Problem requirements: Copy every line of the records that includes the word "Konferencji".

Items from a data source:
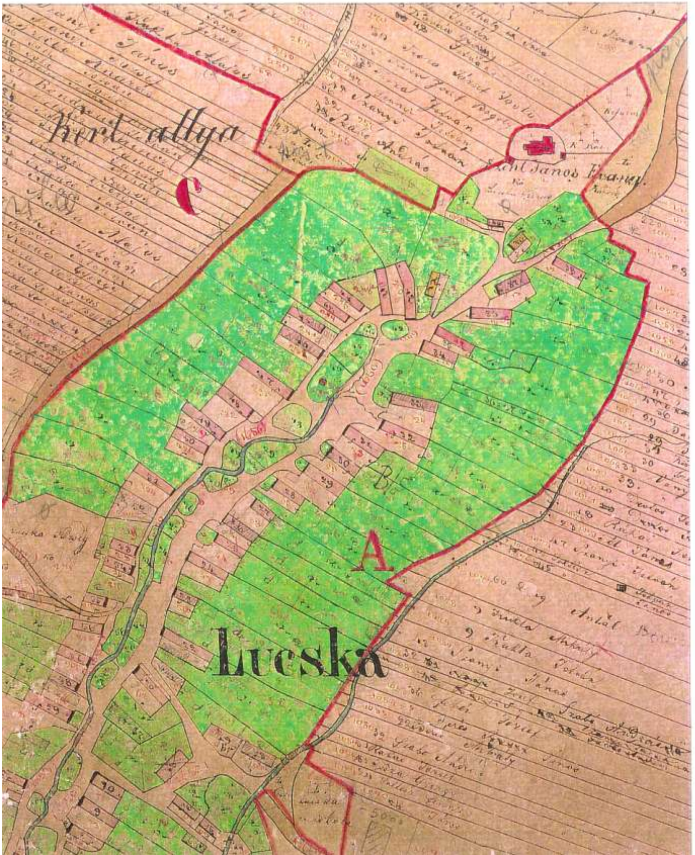
Sídlo na katastrálnej mape z roku 1868 so zaznamenaním majetkových pomerov.
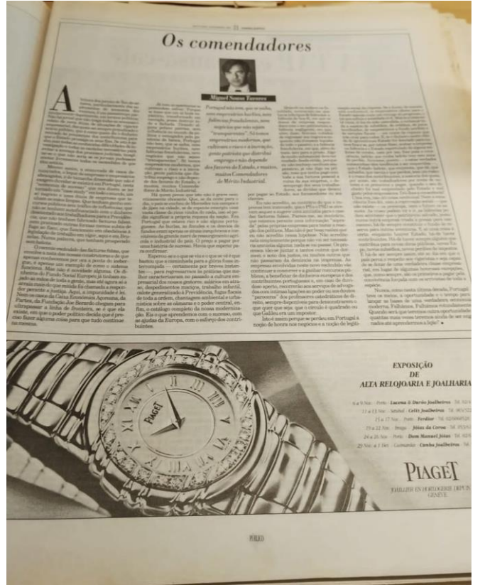
Figura 3 - Outros Posicionamentos Gráficos Presentes nas Edições do Jornal "Público" no ano 1993.

Apesar da disposição textual referida em cima ser a "base" da forma como o texto era posicionado nesta época, existem algumas exceções à regra.
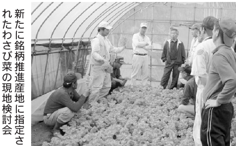
新たに銘柄推進産地に指定されたわさび菜の現地検討会

答 経済部長 農業振興センターの前身は、旧北浦町に平成元年に設置されたもので、麻生、玉造地区の皆様にはなじみの薄い部分もあるかと思いますが、その存在と活動は多くの農業者や市場関係者の皆様にご承知いた
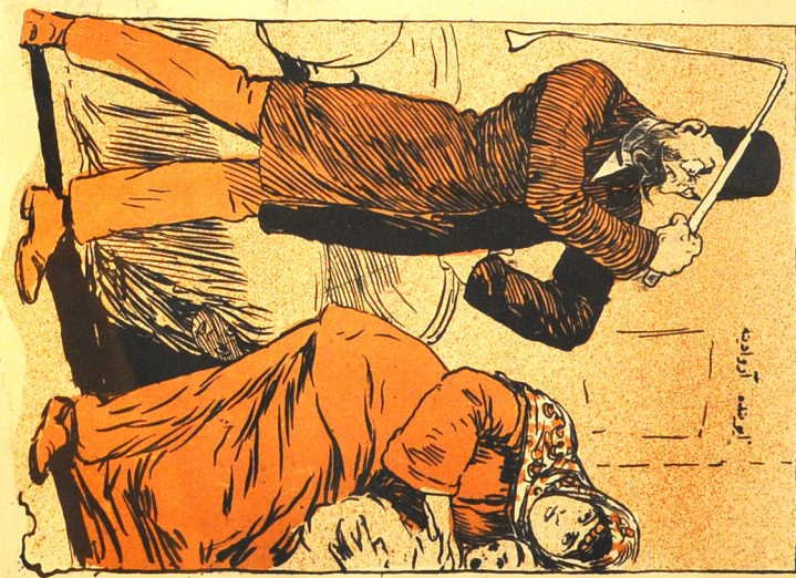
گریه و تنی بر نامت گریه کن سیدامام
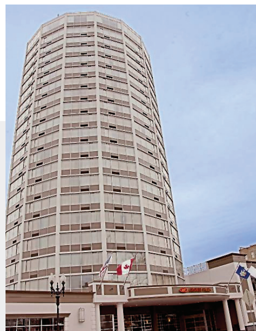
Crowne Plaza Syracuse Hotel, Syracuse, NY, USA

於本集團之共同經營業務 Sheraton Chapel Hill Hotel 再融資後，本集團從借貸獲取所得款項淨額 32,800,000 港元。於二零一三年財政年度支付之銀行利息總額為 900,000 港元。本集團從該次再融資活動獲得約 44,600,000 港元之現金回報並存放於銀行存款，到期日為三個月以上，以賺取更高利息。
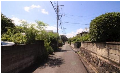
前面道路北東側より撮影
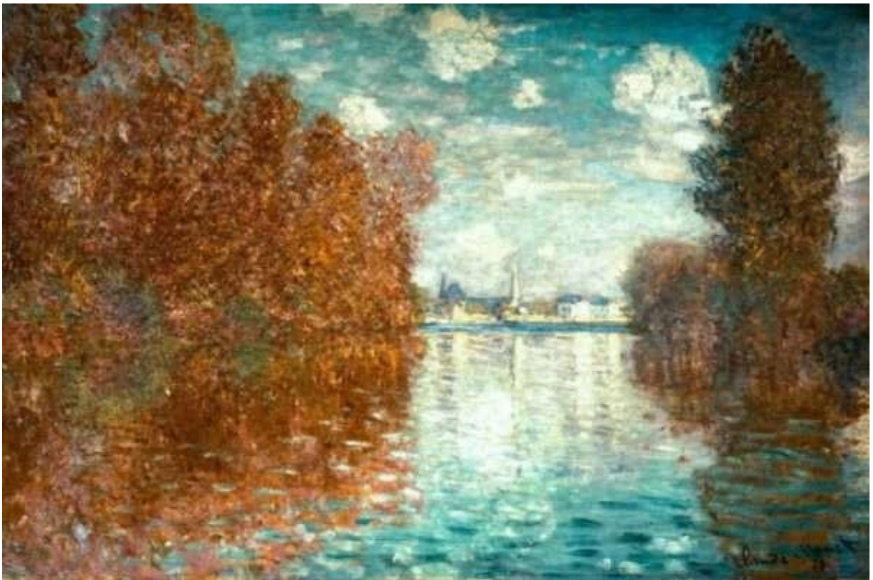
Εικόνα 4 Φθινοπωρινό στο Argenteuil , Claude Monet

Λαμβάνοντας υπόψη όλα τα παραπάνω, το φυσικό τοπίο ανέκαθεν δελέαζε τους ανθρώπους, τους προσέλκυε και τους καλλιεργούσε ποικίλα συναισθήματα, τους γοήτευε και αποτελούσε πηγή έμπειυσης, η οποία αποτυπωνόνταν στα καλλιτεχνικά και αισθητικά καβαλέτα. Πολύ πριν εφευρεθεί η φωτογραφική λήψη, διάφοροι πίνακες ζωγραφικής κοσμούσαν βασιλικά- κοσμικά σαλόνια οι οποίοι αποθανάτιζαν τοπία αρχικά από την ύπαιθρο (με την παρουσία ή μη μορφών) και έπειτα πίνακες οι οποία περιείχαν ανάκτορα ή εκκλησίες.
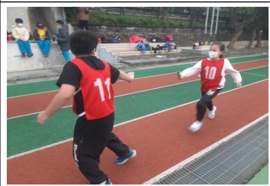
說明：戶外活動~中年級接力賽
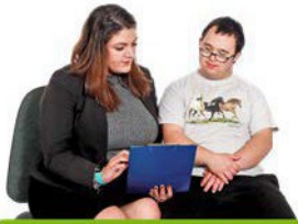
Job Coach Work Coach

Roedd llawer o bobl yn dymuno cael hyfforddwr swyddi arbenigol i weithio gyda nhw a'u teuluoedd neu rywddweithiau cymorth.
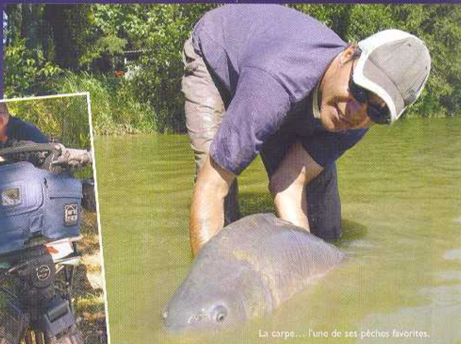
La carpe... l'une de ses pêches favorites.

D'une certaine manière, il tue l'esprit de la pêche... En Grande-Bretagne, les pêcheurs sont entrés dans une espèce de compétition. Leur objectif principal est de capturer un maximum de poissons spécimens. La notion de prendre plaisir à une aventure où de partager des moments magiques est passée au second plan. Beaucoup ont tendance à oublier que le bonheur devrait débiter à la minute où l'on arrive au bord de l'eau et ne devrait pas s'arrêter jusqu'à celle du départ !
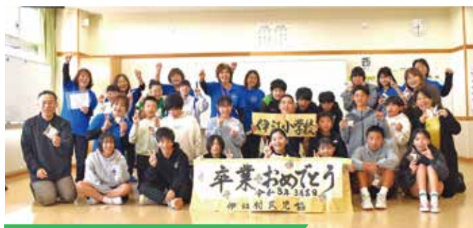
伊江小学校卒業生:3月11日(水)
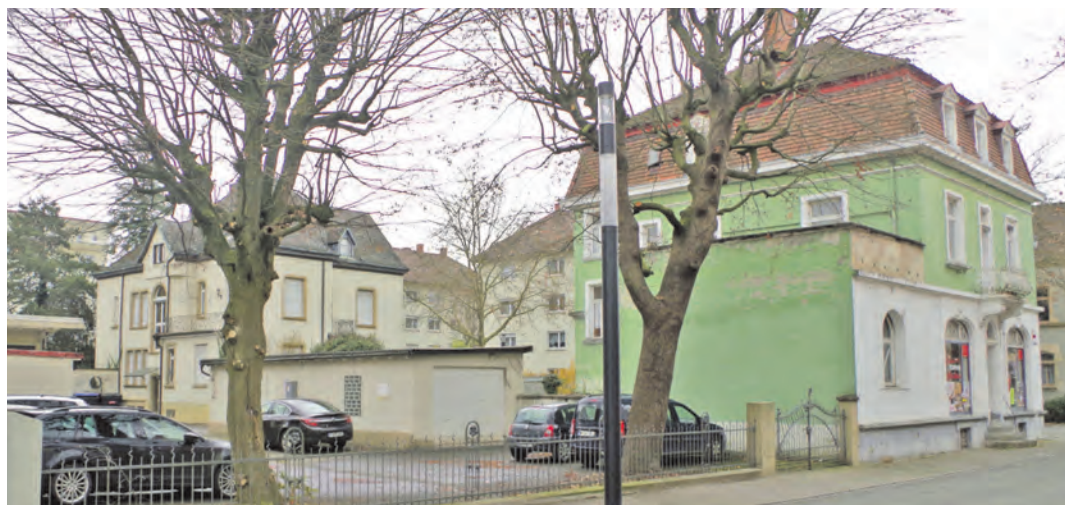
So wechselvoll kann ein Jahr sein. Das an die Stadt Singen vererbte Areal der Wetzstein-Villa in der Singener Innenstadt sollte eigentlich zur Öko-Siedlung für junge Familien umgestaltet werden. Der Plan scheiterte nach dem Realisierungswettbewerb mangels Bauträger. Zwischenzeitlich sollte dort das Projekt »Time out School« des Vereins »Menschen helfen« unterkommen, was durch einen Wasserschaden verhindert wurde. Jetzt bietet die Stadt Singen das Areal einer ökumenischen Interessengemeinschaft zum Bau eines stationären Hospiz an. Ganz am Anfang der Planungen sollte die Villa (links hinten) übrigens mal Quartier-, Senioren- oder Familienzentrums werden. Das »Grüne Haus«
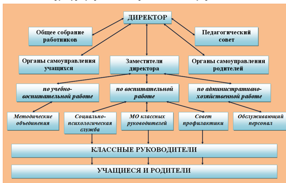
Структура управления образовательным учреждением

Организация педагогического процесса и режим функционирования школы определяется едиными санитарными правилами СП 2.4.3648-20 «Санитарно-эпидемиологические требования к организациям воспитания и обучения, отдыха и оздоровления детей и молодежи». Школа работает в пятидневном режиме для учащихся 1-9
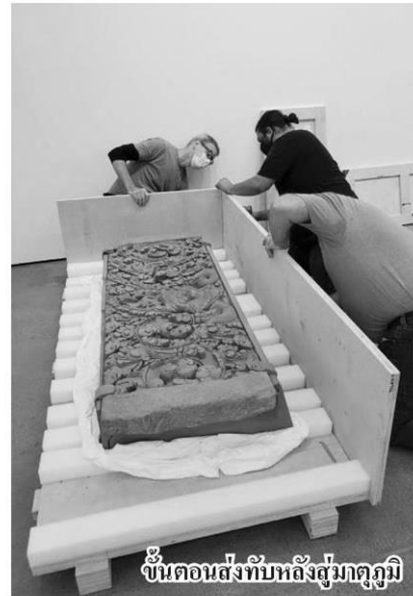
ขั้นตอนส่งทับหลังสู่มาตุภูมิ

ตรวจสอบสภาพทับหลัง พร้อมบันทึกข้อมูลในเบื้องต้น ก่อนมีพิธีบวงสรวงต้อนรับทับหลัง 2 รายการ โดยมีพระมหาราชครูพิธีศรีวิสุทธิคุณ ประธานพระครูพราหมณ์ เป็นประธานบวงสรวง และมีการแสดงระบำโบราณคดี ชุดลพบุรี ด้วย
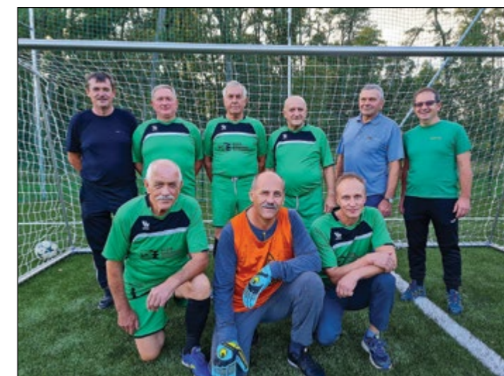
Draženci (veterani nad 50 let) – 5. mesto
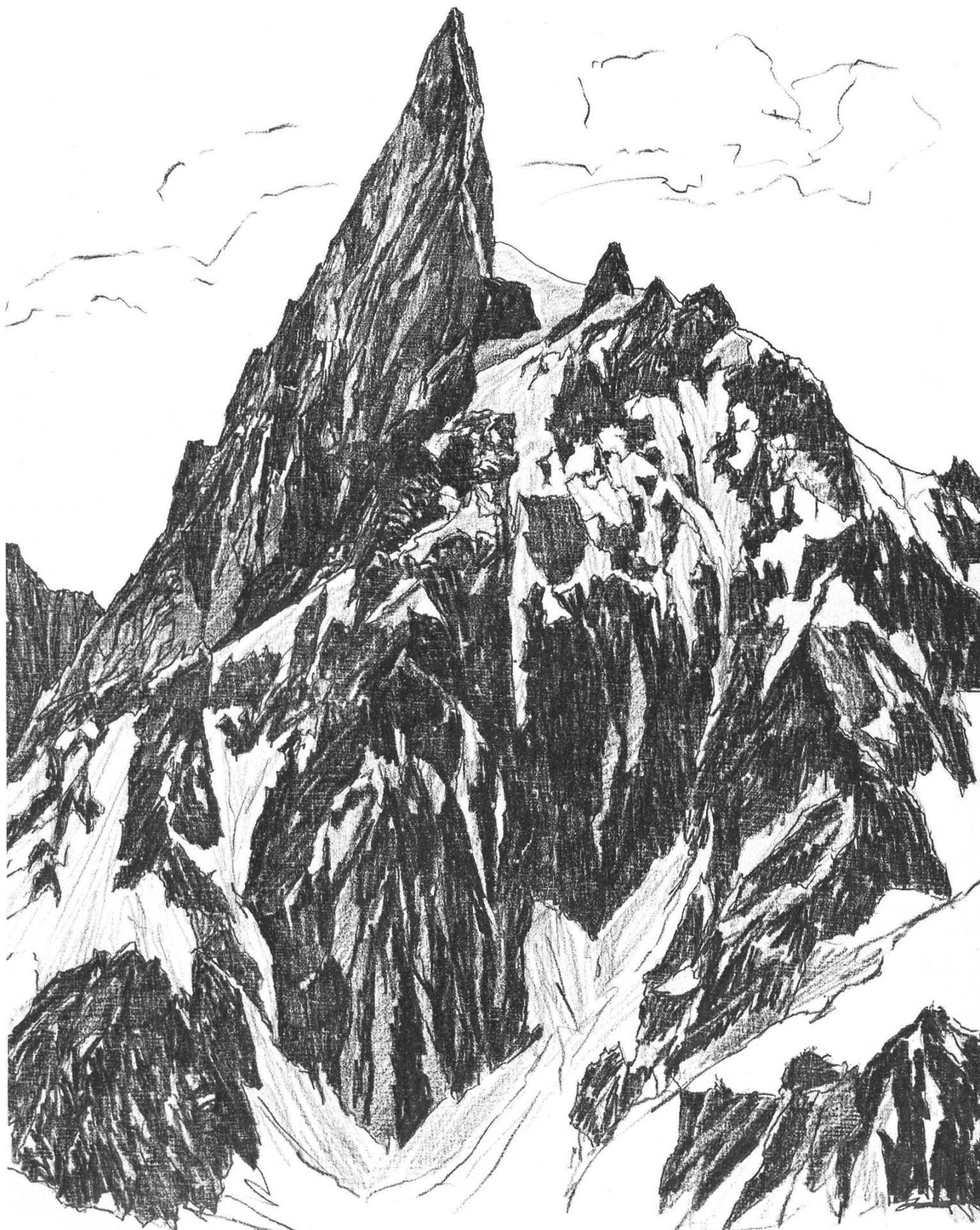
Xent du Géant (Mt. Blanc)
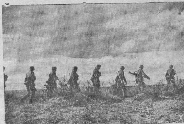
Una patrulla de infantería alemana, tras una operación en descubierto, vuelve a la segunda línea
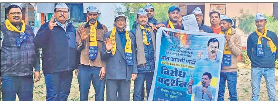
डीएम कार्यालय पर प्रदर्शन करते आम आदमी पार्टी के पदाधिकारी व कार्यकर्ता।
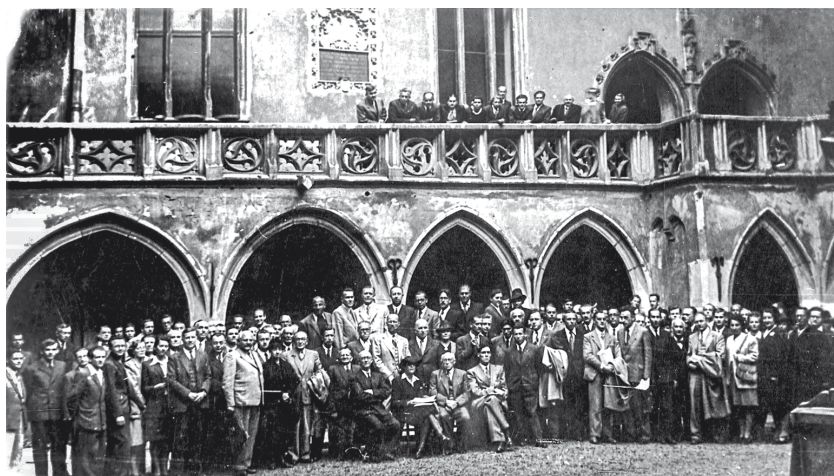
Fot. 1. Uczestnicy Międzynarodowej Konferencji Promieni Kosmicznych w Krakowie, październik 1947 3

wydarzeniem w powojennych dziejach krakowskiej fizyki było zorganizowanie w październiku 1947 r. I Międzynarodowej Konferencji Promieni Kosmicznych 2 .
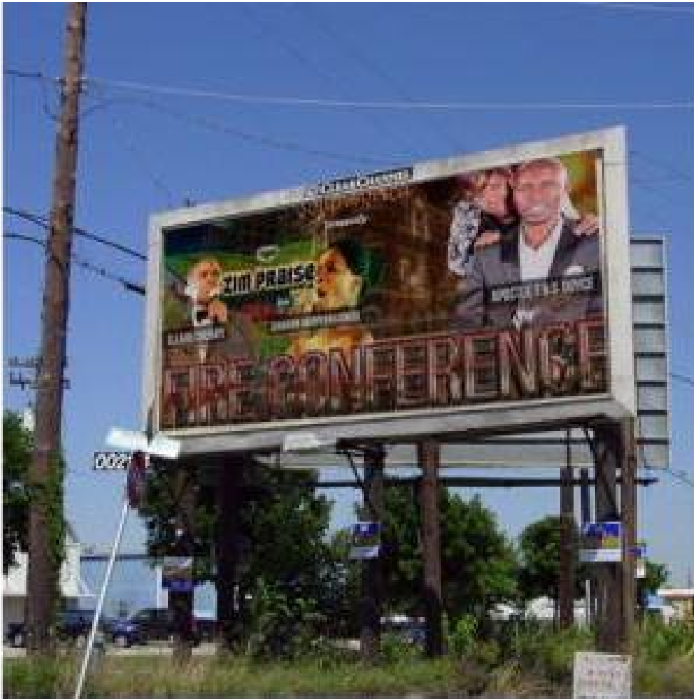
Photographie 9 : une affiche de la RFM dans la périphérie de Stellenbosch.
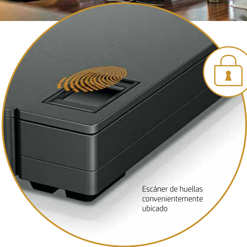
Escáner de huellas convenientemente ubicado
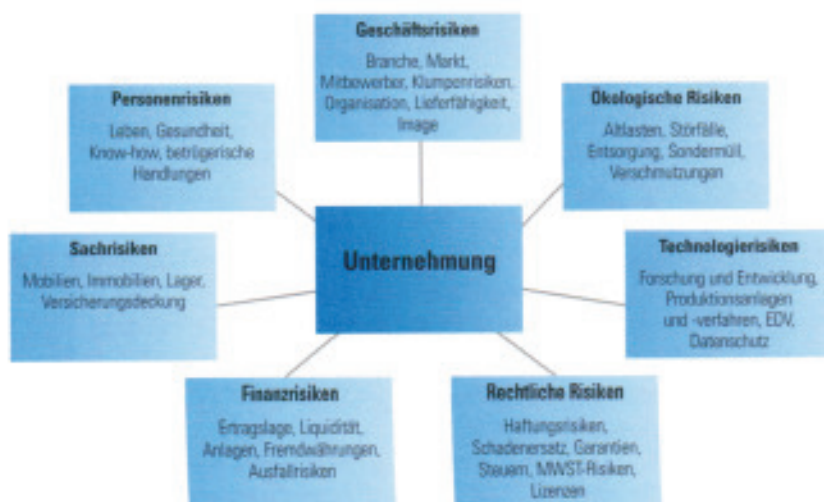
Mögliche Risikoarten im Unternehmen
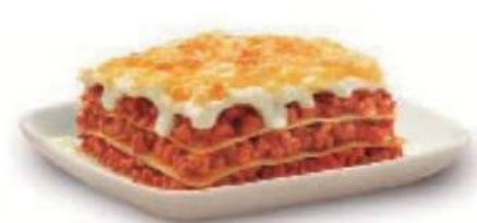
Lasaña gratinada carne
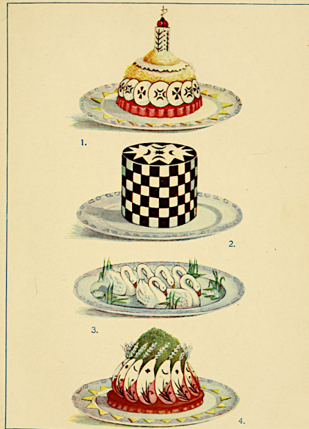
1. Medallions of Chicken à la Audrey. 2. Chartreuse à l'Echec. 3. Swans à la Henley. 4. Cutlets à la General.

Expected answer:
Fot. 1. Uczestnicy Międzynarodowej Konferencji Promieni Kosmicznych w Krakowie, październik 1947 3
wydarzeniem w powojennych dziejach krakowskiej fizyki było zorganizowanie w październiku 1947 r. I Międzynarodowej Konferencji Promieni Kosmicznych 2 .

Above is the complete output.